Records from a data source:
□ □ □ □ □ □ □

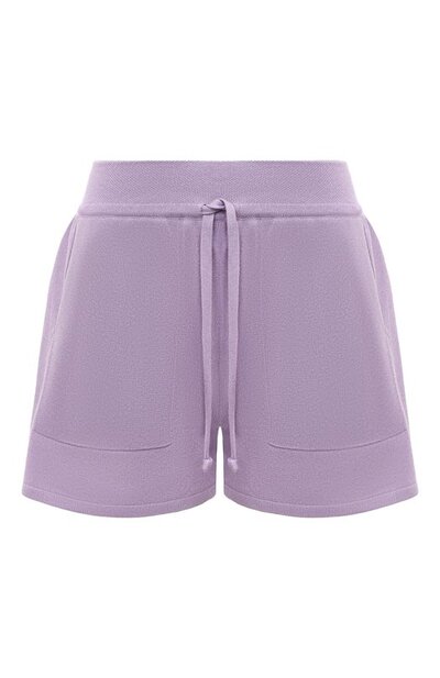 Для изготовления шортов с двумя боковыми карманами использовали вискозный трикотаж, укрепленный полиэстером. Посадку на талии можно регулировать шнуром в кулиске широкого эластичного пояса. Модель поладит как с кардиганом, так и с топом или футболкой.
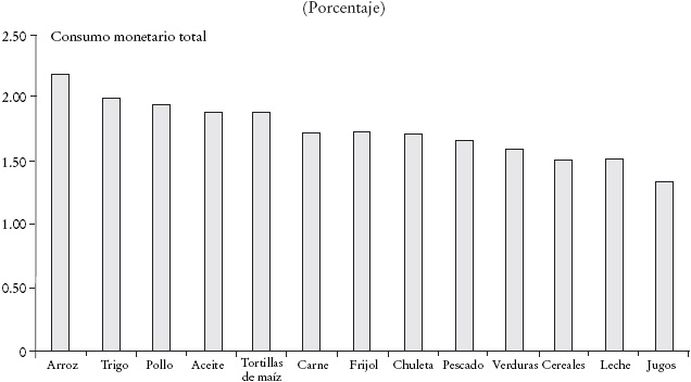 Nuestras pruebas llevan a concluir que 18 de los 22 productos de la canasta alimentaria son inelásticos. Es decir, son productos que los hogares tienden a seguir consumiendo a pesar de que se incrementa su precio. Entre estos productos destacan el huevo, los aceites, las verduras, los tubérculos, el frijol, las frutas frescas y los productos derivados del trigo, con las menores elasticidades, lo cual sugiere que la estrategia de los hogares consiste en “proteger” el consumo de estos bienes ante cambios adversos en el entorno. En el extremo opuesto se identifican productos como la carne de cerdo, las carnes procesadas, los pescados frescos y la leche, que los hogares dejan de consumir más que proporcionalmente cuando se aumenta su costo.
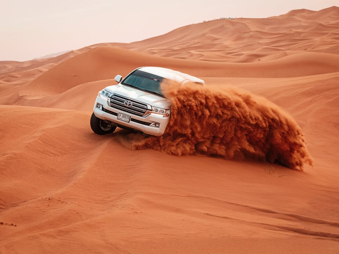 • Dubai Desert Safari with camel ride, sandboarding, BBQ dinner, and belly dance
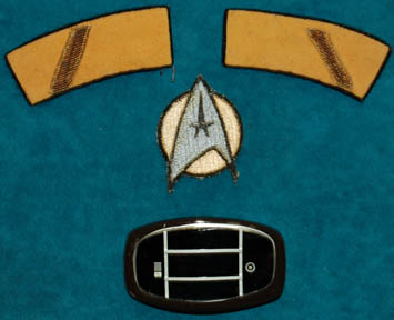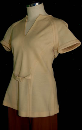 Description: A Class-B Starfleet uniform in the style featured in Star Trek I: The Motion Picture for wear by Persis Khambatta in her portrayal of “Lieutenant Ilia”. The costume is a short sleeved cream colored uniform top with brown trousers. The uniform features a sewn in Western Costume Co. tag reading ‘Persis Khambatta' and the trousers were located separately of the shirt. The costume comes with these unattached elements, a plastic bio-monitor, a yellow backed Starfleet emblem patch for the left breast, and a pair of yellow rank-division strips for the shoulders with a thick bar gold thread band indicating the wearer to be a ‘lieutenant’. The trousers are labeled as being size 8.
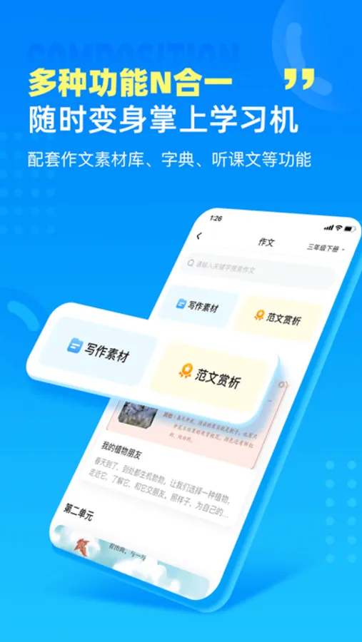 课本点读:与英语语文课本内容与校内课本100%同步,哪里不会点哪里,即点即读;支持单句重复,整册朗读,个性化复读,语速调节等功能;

□ □ □ □ □ □ □

Task item
In your answer, print the entries above exactly, with the pictures left out.

Expected answer
 Для изготовления шортов с двумя боковыми карманами использовали вискозный трикотаж, укрепленный полиэстером. Посадку на талии можно регулировать шнуром в кулиске широкого эластичного пояса. Модель поладит как с кардиганом, так и с топом или футболкой.
 Nuestras pruebas llevan a concluir que 18 de los 22 productos de la canasta alimentaria son inelásticos. Es decir, son productos que los hogares tienden a seguir consumiendo a pesar de que se incrementa su precio. Entre estos productos destacan el huevo, los aceites, las verduras, los tubérculos, el frijol, las frutas frescas y los productos derivados del trigo, con las menores elasticidades, lo cual sugiere que la estrategia de los hogares consiste en “proteger” el consumo de estos bienes ante cambios adversos en el entorno. En el extremo opuesto se identifican productos como la carne de cerdo, las carnes procesadas, los pescados frescos y la leche, que los hogares dejan de consumir más que proporcionalmente cuando se aumenta su costo.
 • Dubai Desert Safari with camel ride, sandboarding, BBQ dinner, and belly dance
 Description: A Class-B Starfleet uniform in the style featured in Star Trek I: The Motion Picture for wear by Persis Khambatta in her portrayal of “Lieutenant Ilia”. The costume is a short sleeved cream colored uniform top with brown trousers. The uniform features a sewn in Western Costume Co. tag reading ‘Persis Khambatta' and the trousers were located separately of the shirt. The costume comes with these unattached elements, a plastic bio-monitor, a yellow backed Starfleet emblem patch for the left breast, and a pair of yellow rank-division strips for the shoulders with a thick bar gold thread band indicating the wearer to be a ‘lieutenant’. The trousers are labeled as being size 8.
 课本点读:与英语语文课本内容与校内课本100%同步,哪里不会点哪里,即点即读;支持单句重复,整册朗读,个性化复读,语速调节等功能;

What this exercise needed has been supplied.